NASCAR Drivers: Non-Stop is an hour-long television series that aired on ESPN2 that profiles at least three different drivers during a particular Nextel Cup or Busch Series race weekend. The show coincides with the latter half of the NASCAR broadcast schedule. The show's first two seasons ran on FX Networks on Friday nights and was known as NASCAR Drivers: 360.

The series of episodes gives the viewer a behind-the-scenes view of what the drivers do between the different race weekends as well as how they perform in individual races. The first half of the episode would show the driver away from the track usually with family and friends, while the last half of the show usually details how each of the drivers perform in each of their race weekend events.

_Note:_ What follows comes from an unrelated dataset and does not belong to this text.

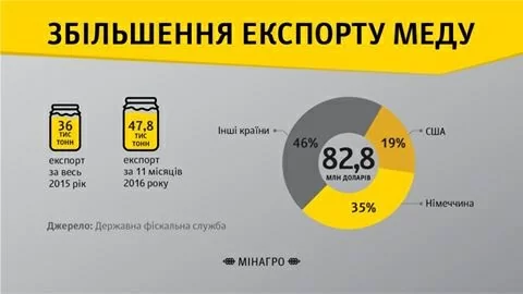 Экспорт меда в 2016 году принес украинским производителям почти 83 млн долларов. В географической структуре экспорта 35% пришлось на ФРГ, 19% – на США, 46% – на другие страны.

When the show was on FX Network the theme was composed by Niels Bye Nielsen. Since its move to ESPN2 the show has received a new theme and music, in a slightly faster paced style.

==Seasonal overview==

=== Season 1 (2004) ===
The first season features Nextel Cup drivers Ward Burton, Kurt Busch, Kevin Harvick, Jeremy Mayfield, Jamie McMurray, Casey Mears, Brian Vickers, Kenny Wallace, Rusty Wallace, and Scott Wimmer.

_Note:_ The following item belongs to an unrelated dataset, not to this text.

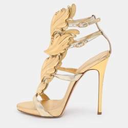 Giuseppe Zanotti Gold/Black Leather and Patent Open Toe Pumps Size 39.5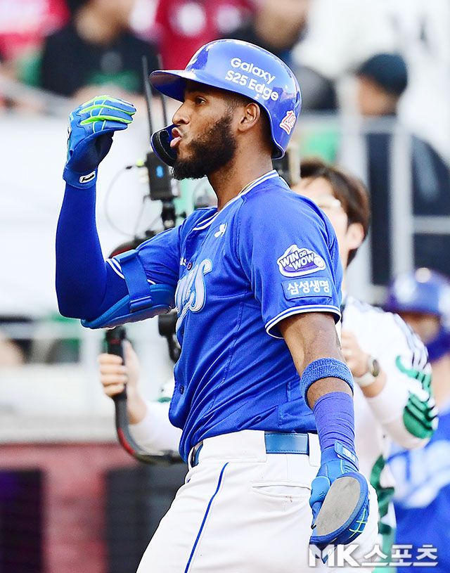 6회초 1사 2루에서 삼성 디아즈가 시즌 22호 추격의 투런홈런을 치고 더그아웃으로 향하면서 세리머니를 하고 있다.

- Season 1 Highlights: Rusty Wallace starts his Busch Series team, Kenny Wallace racing in his Busch Series team. Kevin Harvick receives his ring for winning the Brickyard 400. Final NASCAR weekend at North Carolina Speedway for Nextel Cup and Busch Series until Busch returns in 2025 rebranded as the NASCAR Xfinity Series.

=== Season 2 (2005) ===
The second season features Nextel Cup drivers Kurt Busch, Robby Gordon, Kevin Harvick, Kasey Kahne, Mark Martin, Jamie McMurray, Rusty Wallace, and Busch Series driver Kenny Wallace.

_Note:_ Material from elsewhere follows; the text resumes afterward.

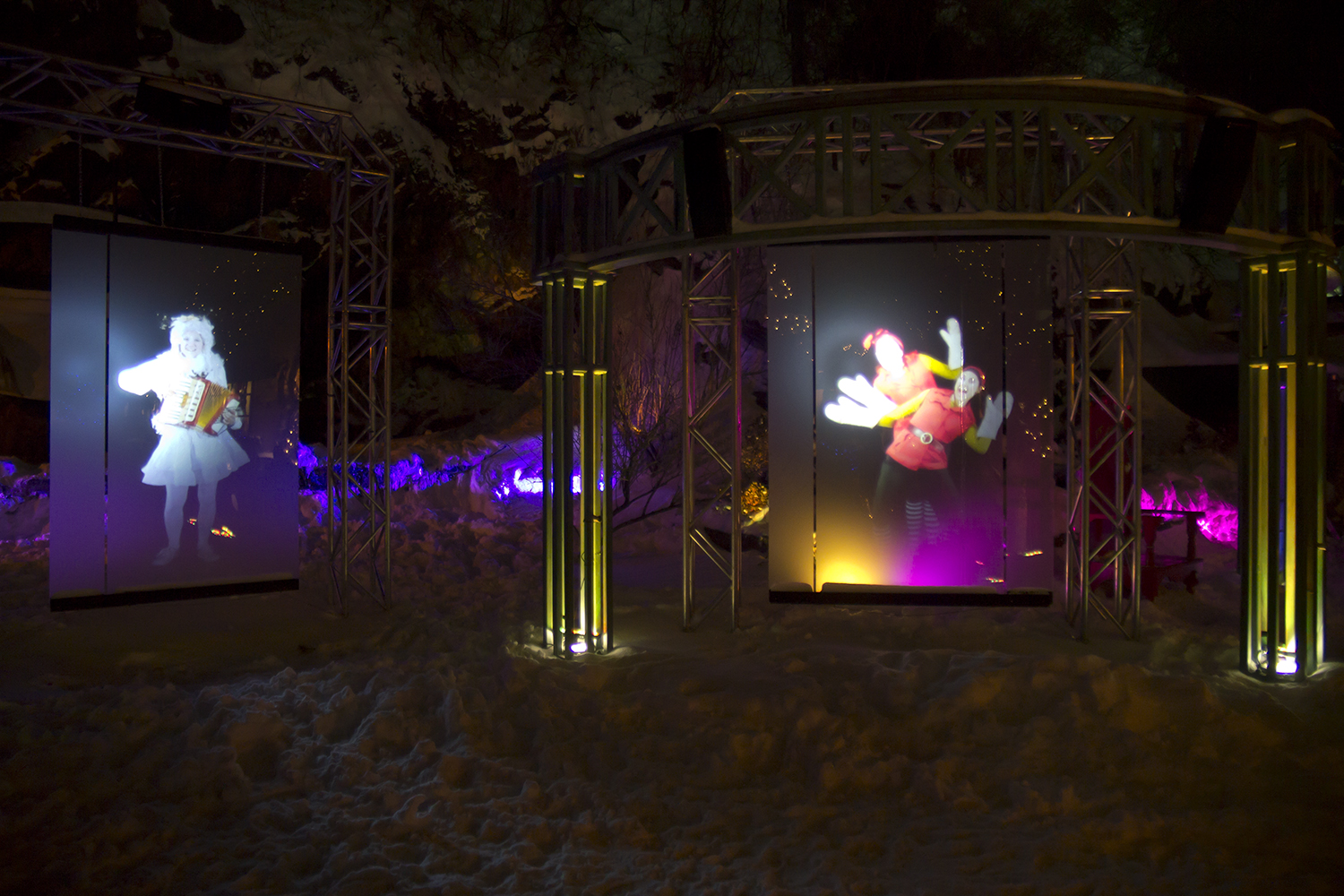 Grâce à un système ingénieux d'animation holographique, des personnages virtuels surprenants (jongleurs, clowns, et chef d'orchestre) interagissent avec la lumière et accueillent les flâneurs dans divers tableaux.

- Season 2 Highlights: Mark Martin spending time with his wife and son at their residence in Florida, Kevin Harvick and his wife spending time with Kevin's crew and other family members, Jamie McMurray discussing plans on building his new house. Rusty Wallace in his last season before retiring from NASCAR.

=== Season 3 (2006) ===
The third season features Nextel Cup drivers Jeremy Mayfield, J. J. Yeley, Clint Bowyer, Casey Mears, David Stremme, David Gilliland.